**Assigned task**
What is needed is an exact reproduction of the lines in the records below, starting at the line with "宅配BOX・電気・都市ガス・" and ending at the line with "(嵊州)如图13,分别是由若干个完全相同的小正方体组成的一个几何体的主视图和俯视图,则组成这个几何体的小正方体的个数是 ( )", both included, and nothing else; pictures stay out.

Saved data entries
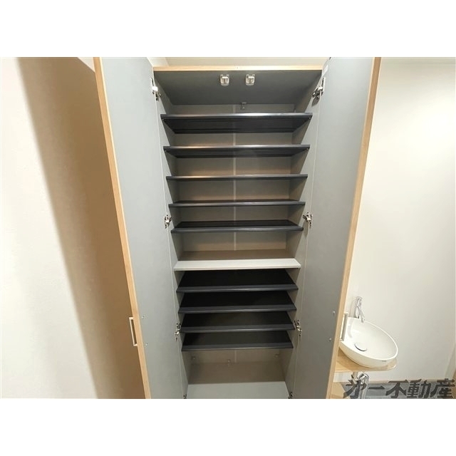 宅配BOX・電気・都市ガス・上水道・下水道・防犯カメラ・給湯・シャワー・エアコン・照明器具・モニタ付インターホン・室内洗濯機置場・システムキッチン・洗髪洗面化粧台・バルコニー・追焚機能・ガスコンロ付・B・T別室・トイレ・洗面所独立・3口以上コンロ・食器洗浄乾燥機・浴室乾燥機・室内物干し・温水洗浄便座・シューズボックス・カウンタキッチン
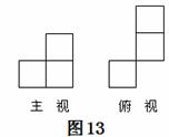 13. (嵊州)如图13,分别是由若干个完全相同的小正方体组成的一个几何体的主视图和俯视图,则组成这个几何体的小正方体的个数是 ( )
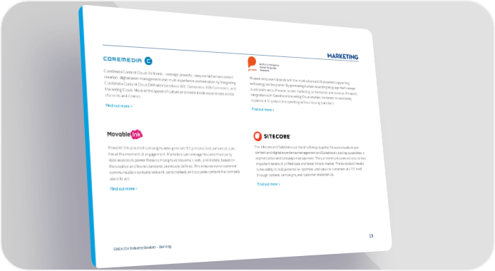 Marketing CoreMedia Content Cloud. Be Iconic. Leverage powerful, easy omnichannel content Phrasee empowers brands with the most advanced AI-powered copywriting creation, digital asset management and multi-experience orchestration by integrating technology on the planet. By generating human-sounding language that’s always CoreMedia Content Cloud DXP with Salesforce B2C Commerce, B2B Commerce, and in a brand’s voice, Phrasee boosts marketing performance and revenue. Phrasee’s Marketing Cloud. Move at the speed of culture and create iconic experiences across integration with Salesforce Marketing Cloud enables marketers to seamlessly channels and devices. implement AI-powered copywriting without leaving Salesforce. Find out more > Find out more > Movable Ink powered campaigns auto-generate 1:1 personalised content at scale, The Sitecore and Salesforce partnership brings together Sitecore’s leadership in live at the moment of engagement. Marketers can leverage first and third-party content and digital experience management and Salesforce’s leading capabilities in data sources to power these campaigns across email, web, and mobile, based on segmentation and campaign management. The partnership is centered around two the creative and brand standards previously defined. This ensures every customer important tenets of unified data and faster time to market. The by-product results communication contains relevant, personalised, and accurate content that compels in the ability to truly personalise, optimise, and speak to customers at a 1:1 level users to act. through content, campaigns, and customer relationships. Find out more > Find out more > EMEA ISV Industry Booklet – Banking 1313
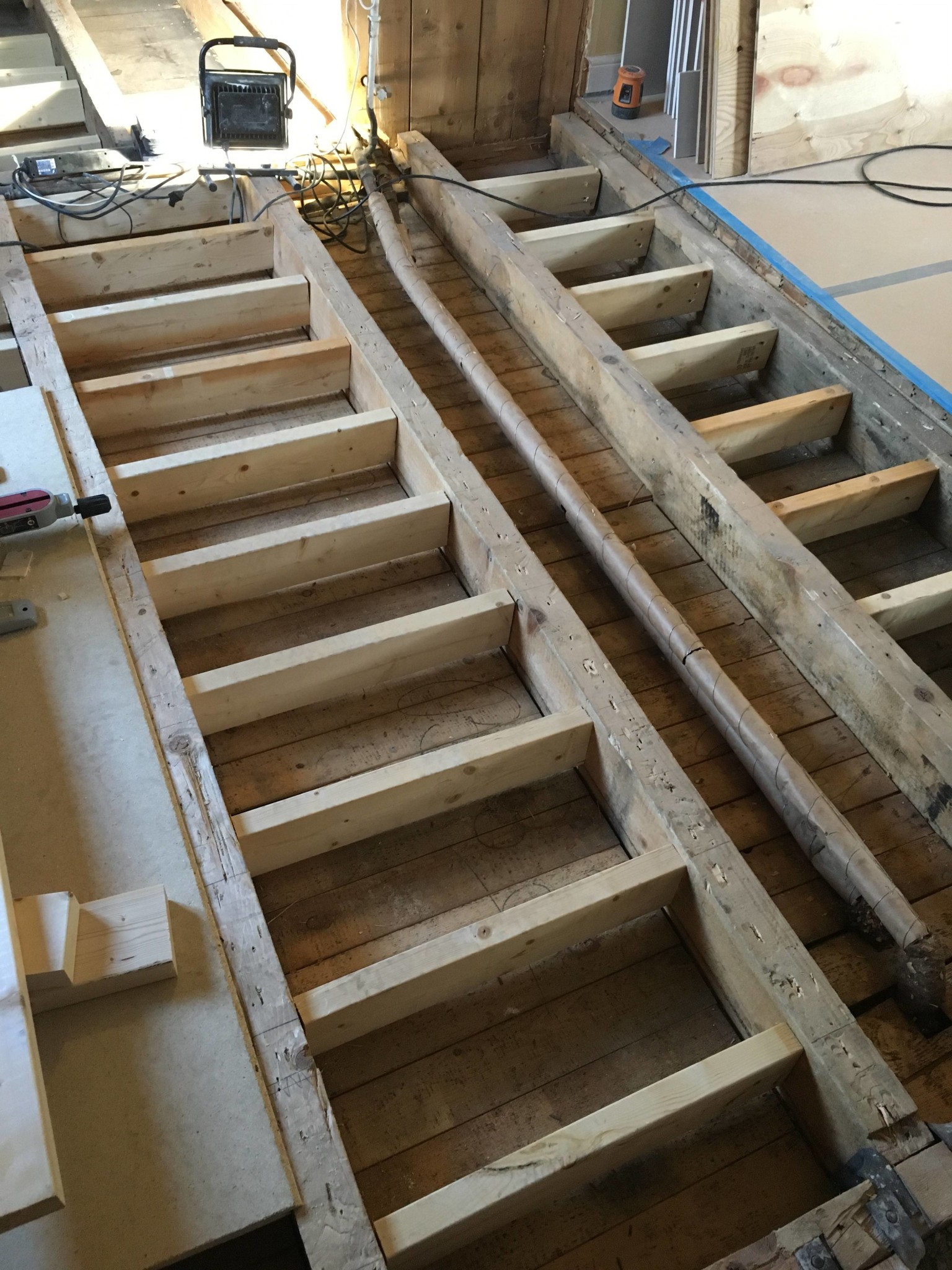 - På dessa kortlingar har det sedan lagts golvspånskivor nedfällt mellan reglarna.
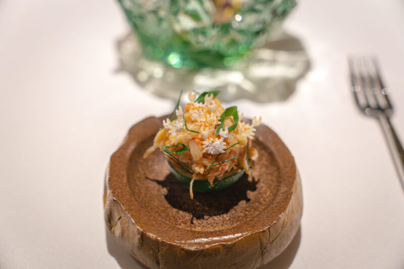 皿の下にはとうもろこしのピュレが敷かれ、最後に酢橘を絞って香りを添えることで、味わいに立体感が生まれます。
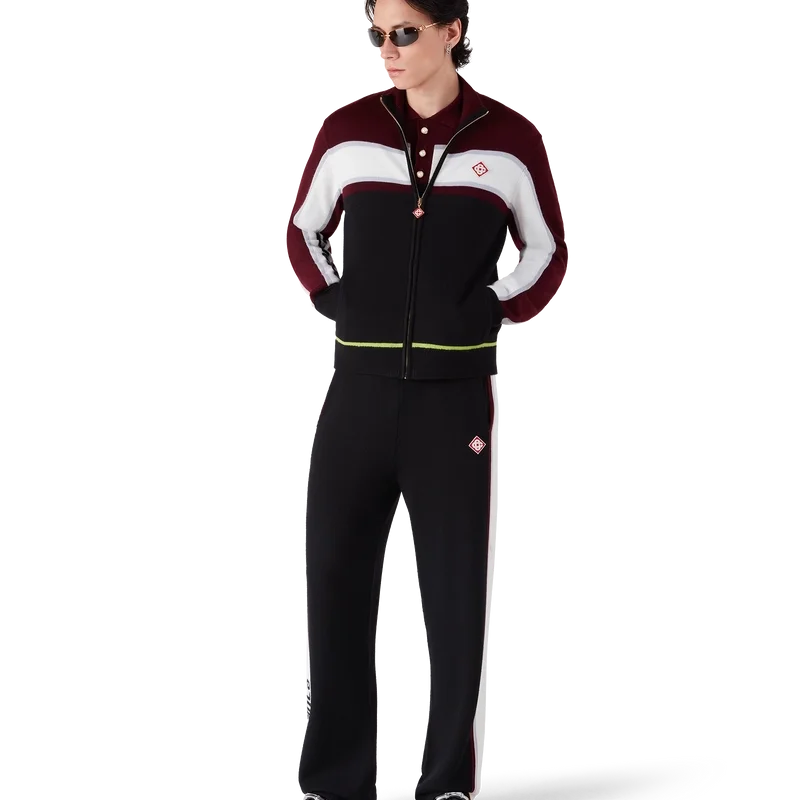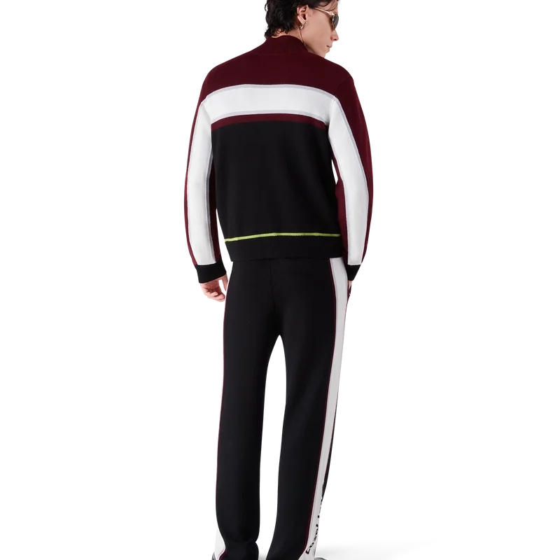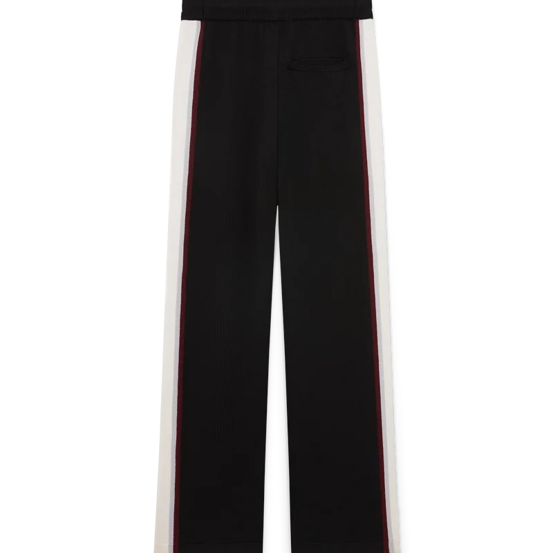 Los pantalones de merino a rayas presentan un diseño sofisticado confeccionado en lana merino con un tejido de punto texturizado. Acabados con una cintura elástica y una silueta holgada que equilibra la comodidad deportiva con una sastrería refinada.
* * *
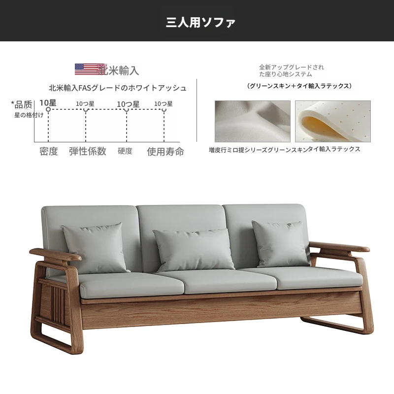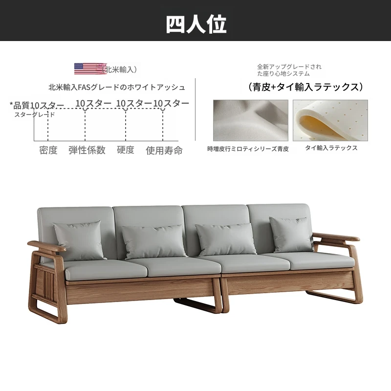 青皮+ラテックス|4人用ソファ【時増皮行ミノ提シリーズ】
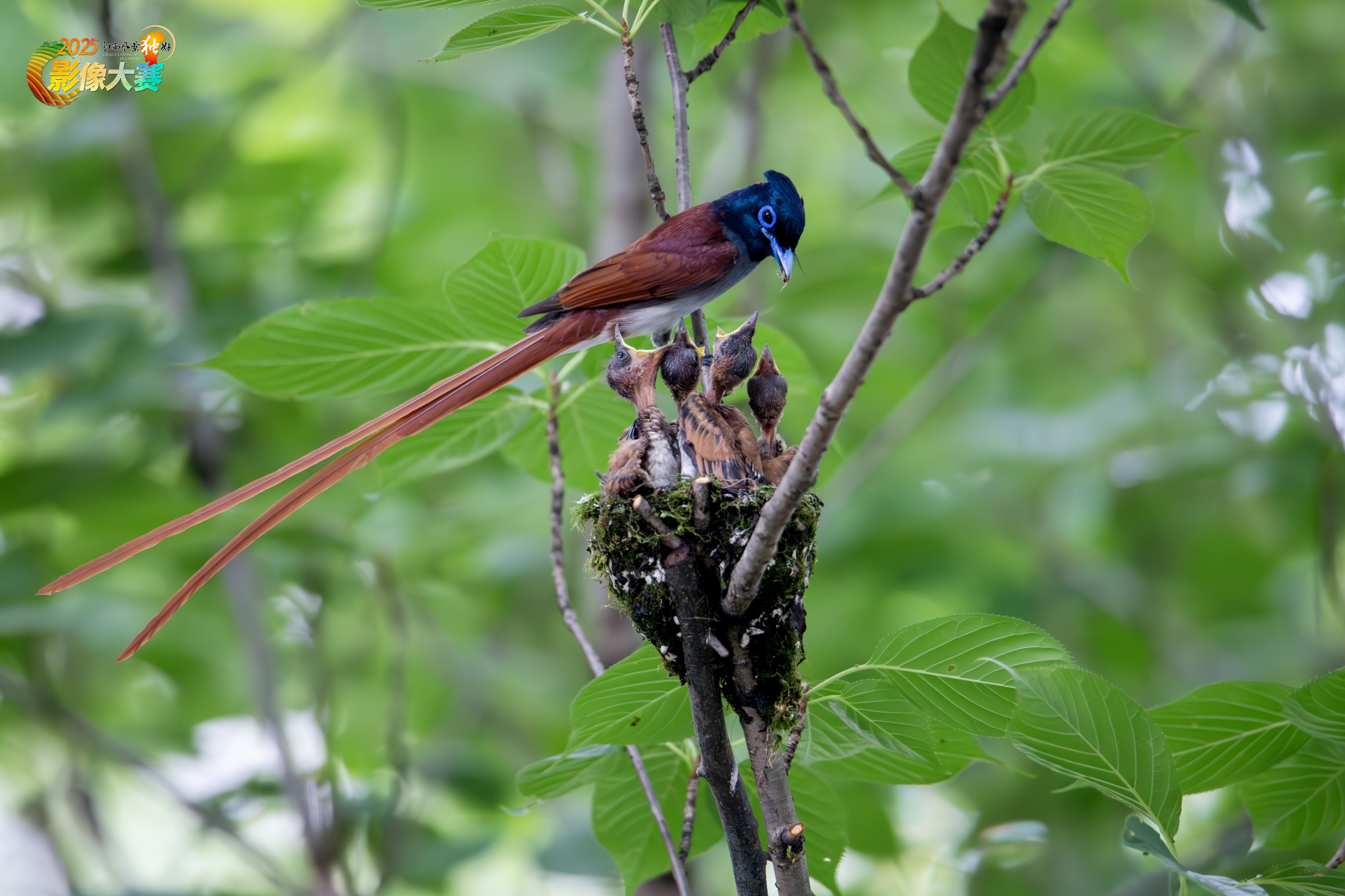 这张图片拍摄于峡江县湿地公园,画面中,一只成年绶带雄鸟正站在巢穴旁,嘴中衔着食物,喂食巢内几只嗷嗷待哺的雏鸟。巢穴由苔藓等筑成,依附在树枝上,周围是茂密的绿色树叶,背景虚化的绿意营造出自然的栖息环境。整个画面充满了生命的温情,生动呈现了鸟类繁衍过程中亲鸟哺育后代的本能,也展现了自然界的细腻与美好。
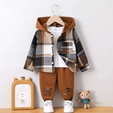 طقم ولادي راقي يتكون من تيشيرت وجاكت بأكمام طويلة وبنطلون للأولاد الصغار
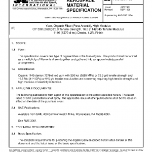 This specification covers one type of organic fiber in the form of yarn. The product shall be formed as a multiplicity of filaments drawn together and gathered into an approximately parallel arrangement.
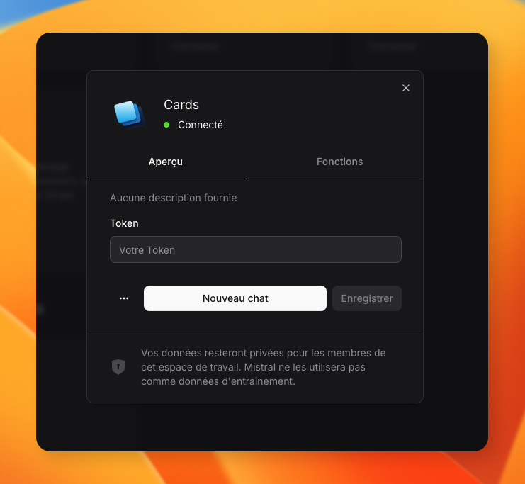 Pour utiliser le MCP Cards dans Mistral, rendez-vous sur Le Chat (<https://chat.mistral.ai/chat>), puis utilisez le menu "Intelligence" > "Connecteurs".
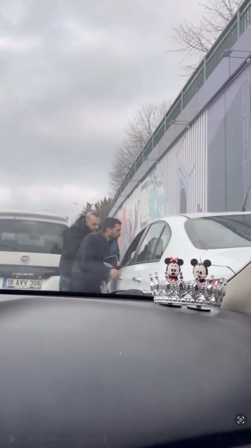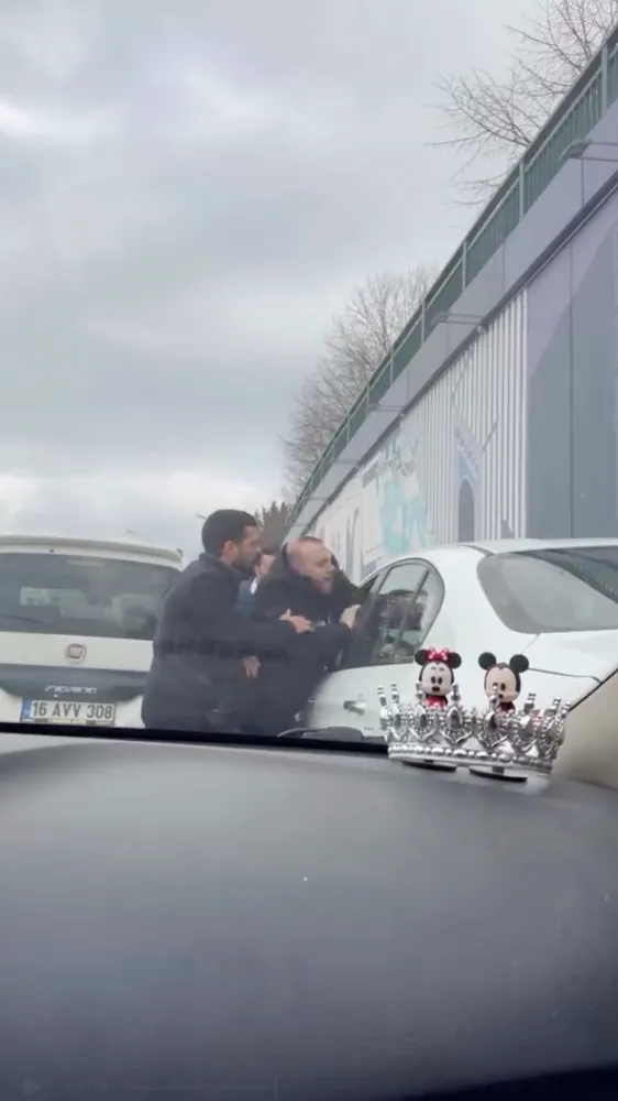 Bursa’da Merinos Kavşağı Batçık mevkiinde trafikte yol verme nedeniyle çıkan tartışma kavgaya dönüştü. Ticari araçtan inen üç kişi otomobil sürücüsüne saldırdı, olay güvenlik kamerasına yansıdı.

**Written reply**
 宅配BOX・電気・都市ガス・上水道・下水道・防犯カメラ・給湯・シャワー・エアコン・照明器具・モニタ付インターホン・室内洗濯機置場・システムキッチン・洗髪洗面化粧台・バルコニー・追焚機能・ガスコンロ付・B・T別室・トイレ・洗面所独立・3口以上コンロ・食器洗浄乾燥機・浴室乾燥機・室内物干し・温水洗浄便座・シューズボックス・カウンタキッチン
 13. (嵊州)如图13,分别是由若干个完全相同的小正方体组成的一个几何体的主视图和俯视图,则组成这个几何体的小正方体的个数是 ( )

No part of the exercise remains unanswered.